Transcriptional analysis of early fruit development in SlARF9-OE and SlARF9-RNAi lines

To identify possible transcriptomic changes associated with the fruit developmental phenotypes observed in the transgenic lines, the gene expression profiles of 3–4mm fruits from wild-type and transgenic plants were analysed. At this stage, the SlARF9 transcript reached its maximum level in wild-type fruits (Fig. 3), but no phenotypic differences were observed between wild-type and transgenic fruits. The transcript profiling analysis was carried out using Affymetrix EUTOM3 tomato exon arrays.
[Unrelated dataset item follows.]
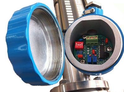 在浮子液位計上安裝變送器,通過浮子上下移動,經磁耦合作用使導桿內測量元件依次動作,獲得電阻信號變化,轉換成0~10mA或4~20mA的標準信號輸出,與顯示儀表或計算機連接,達到遠傳目的。

The microarray analysis showed a 2.6-fold difference in SlARF9 expression between wild-type and SlARF9-OE fruits (P < 0.001, Student’s t-test), and a 1.6-fold difference between wild-type and SlARF9-RNAi lines (P < 0.05, Student’s t-test), closely corresponding to the results obtained by real-time quantitative PCR analysis (Fig. 3). PCA of the normalized microarray data indicated that, overall, the transcriptomes of the different types were somewhat similar, but especially those of wild-type and SlARF9-OE fruit (Supplementary Fig. S6A). Comparable results were obtained when applying the PCA to only those genes with significantly different expression levels between any two types based on a per gene ANOVA test, as the first principal component (PC1) did not separate wild-type from OE plants (Supplementary Fig. S6B). Possibly, the SlARF9-dependent transcriptional responses were already nearly saturated in 3–4mm wild-type fruits.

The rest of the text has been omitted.